── DATA PROVIDED ──

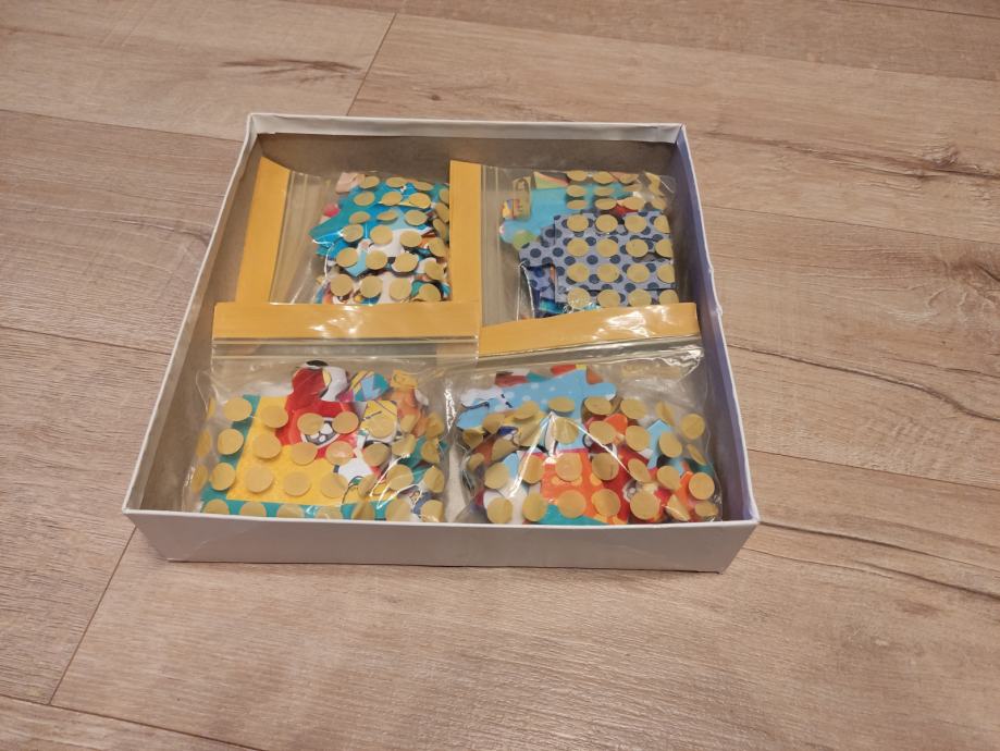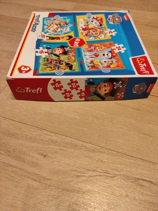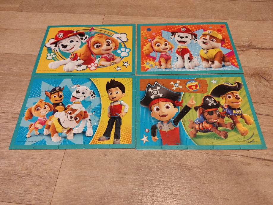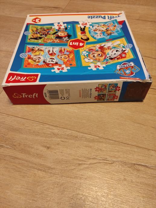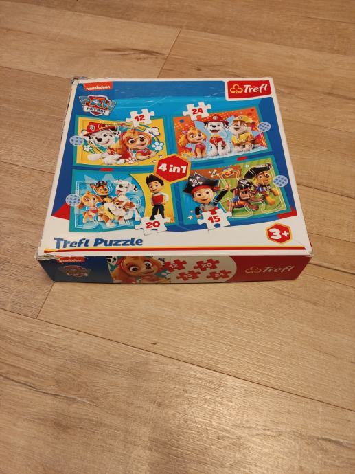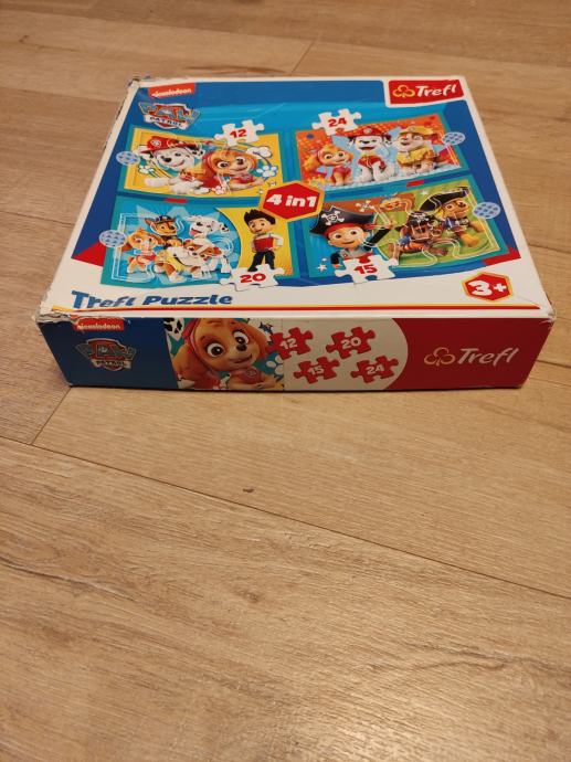 Puzzle 4 u 1. Psići u ophodnji. Kutija je u lošijem stanju. Puzzle su sve na broju, sortirane u vrećicama. Na slikama se vidi složeno. Pogledajte i ostale moje oglase, na više kupljenih stvari popust. U Zagrebu i Karlovcu je moguća primopredaja.
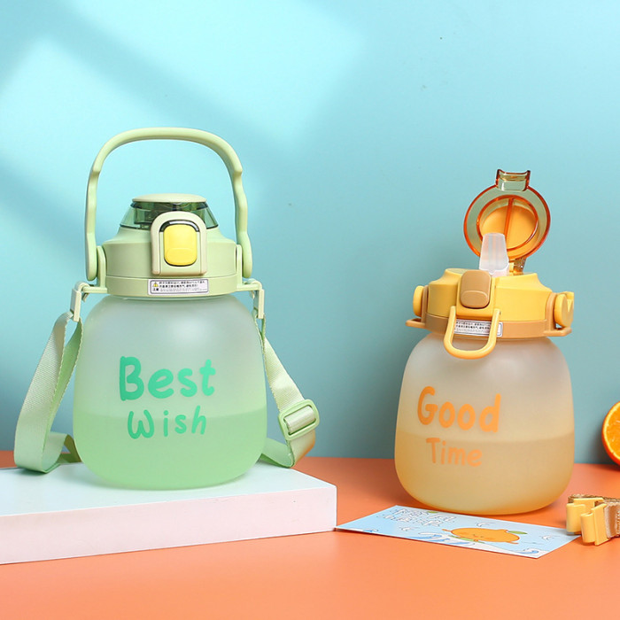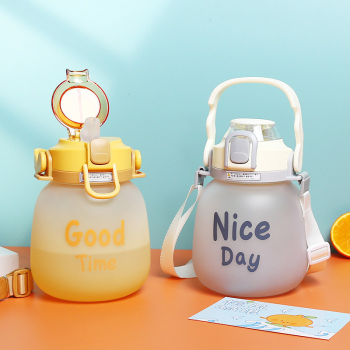 網紅大容量水杯大肚塑膠杯手提背帶吸管杯學生高顔值可攜式水壺
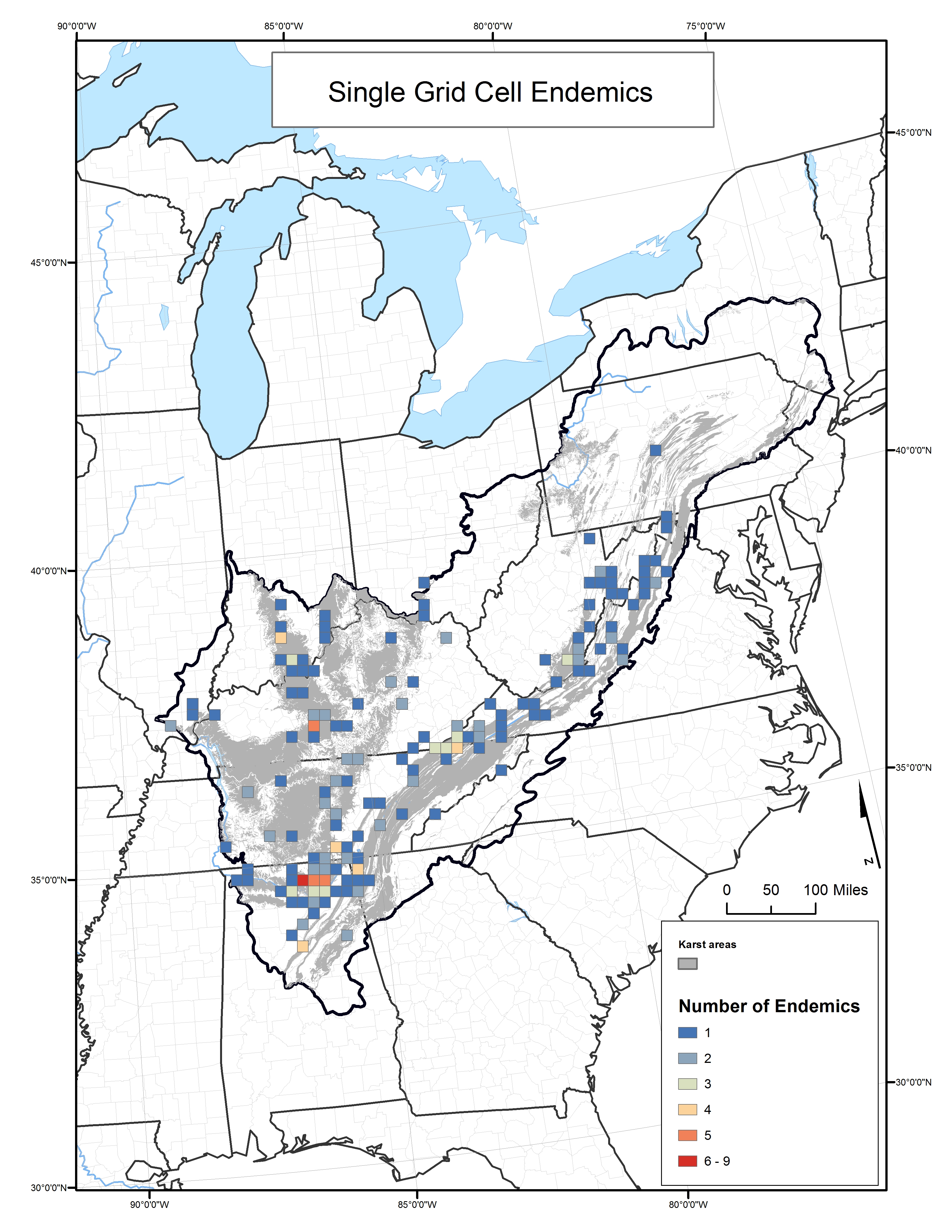 Many aquatic and terrestrial species are geographically rare, often found in a single cave. This map dis[;ays the geographic distribution of endemics scattered throughout the Appalachian LCC region.
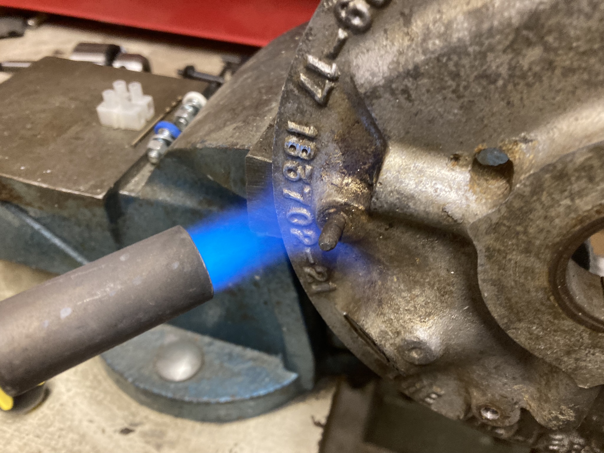 Next job was to strip the magneto, all fairly routine as its the same as later engines. The coil was of course dead, but new ones are available. Its always a good idea to apply a little heat, as a steel thread in an alloy casting will most like be seized. I even have a tiny torch with runs on lighter fuel, similar size to a big cigar
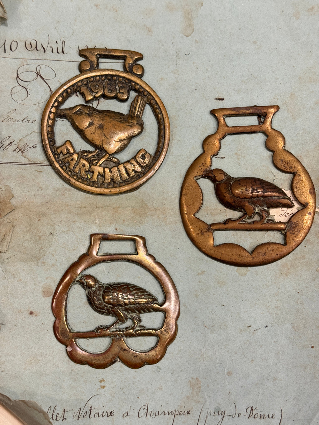 Vintage English Souvenir Horse Brass Chicken Medallions
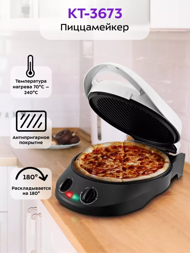 Пиццамейкер Kitfort KT-3673 — универсальное устройство, способное заменить духовку. Идеально подходит для приготовления пиццы, различных пирогов, сырников, горячих бутербродов и запеканок. Также в пиццамейкере можно готовить омлет, запеченные овощи, котлеты, мясо, рыбу и многое другое.
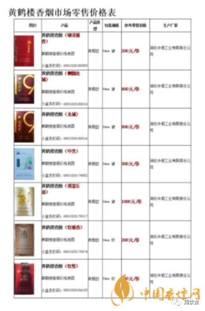 黄鹤楼香烟批发价目表
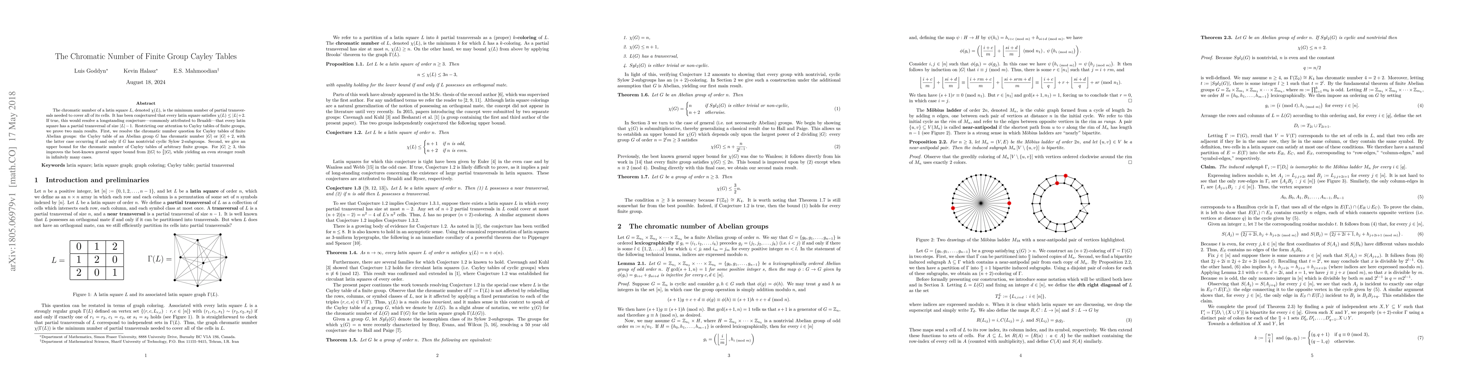This research contributes to the longstanding conjecture about the chromatic number of latin squares, offering insights into the structure of finite groups through Cayley tables, which has implications in group theory, combinatorics, and coding theory.
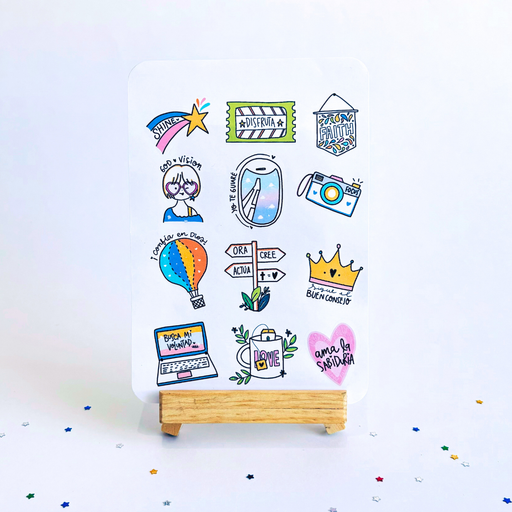 Set de 6 láminas de stickers inspirados en Proverbios, flores y frases que te invitan a disfrutar la vida con color y alegría. Dale un toque especi...
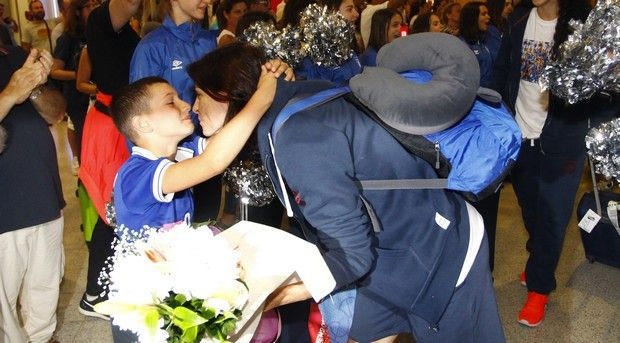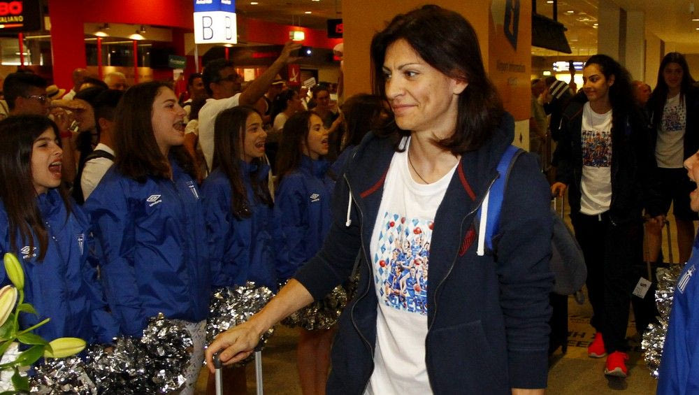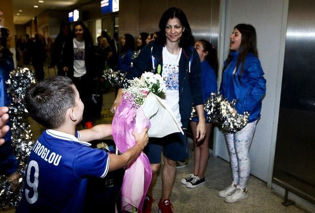 Ο… Μήτρογλου ήταν στο “Ελ.Βενιζέλος” για να υποδεχθεί, να καλωσορίσει και να αποθεώσει την εθνική μπάσκετ των γυναικών. Όχι ο Κώστας ακριβώς, αλλά ο πιτσιρικάς που έβαλε τη γαλανόλευκη φανέλα του διεθνούς φορ και έδωσε μια μεγάλη ανθοδέσμη στην Εβίνα Μάλτση.
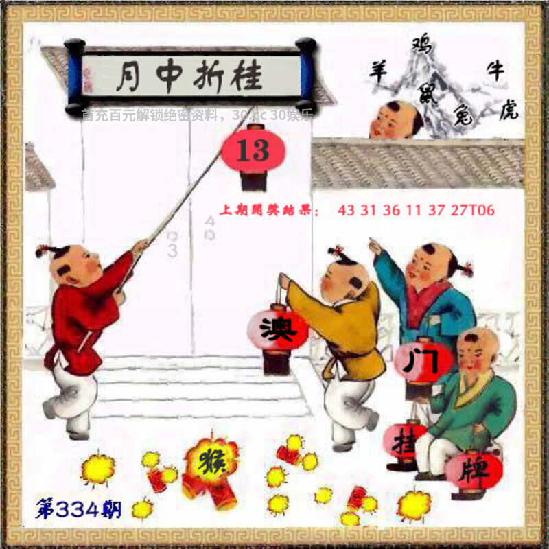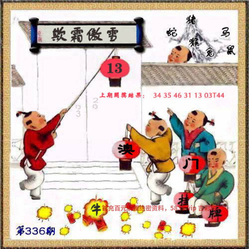 334期:澳门传真: 今期生肖三十开,定时定候提醒你。 四下五上是灵码,特码四五不用查。 三千佳丽住后宫,火中有肖是五七。 二六想合一七开,元帅军中点兵将。 宽宏大量 今期四下五上是灵码,解四头特码40-49,火中有肖是五七,解火肖蛇马。 综合:鸡蛇鼠兔牛羊虎猴狗 |

───

Go to the line that contains "Set de 6 láminas" and copy it and every line after it through the end of the entries, exactly, without the pictures.

EXERCISE RESPONSE »
 Set de 6 láminas de stickers inspirados en Proverbios, flores y frases que te invitan a disfrutar la vida con color y alegría. Dale un toque especi...
 Ο… Μήτρογλου ήταν στο “Ελ.Βενιζέλος” για να υποδεχθεί, να καλωσορίσει και να αποθεώσει την εθνική μπάσκετ των γυναικών. Όχι ο Κώστας ακριβώς, αλλά ο πιτσιρικάς που έβαλε τη γαλανόλευκη φανέλα του διεθνούς φορ και έδωσε μια μεγάλη ανθοδέσμη στην Εβίνα Μάλτση.
 334期:澳门传真: 今期生肖三十开,定时定候提醒你。 四下五上是灵码,特码四五不用查。 三千佳丽住后宫,火中有肖是五七。 二六想合一七开,元帅军中点兵将。 宽宏大量 今期四下五上是灵码,解四头特码40-49,火中有肖是五七,解火肖蛇马。 综合:鸡蛇鼠兔牛羊虎猴狗 |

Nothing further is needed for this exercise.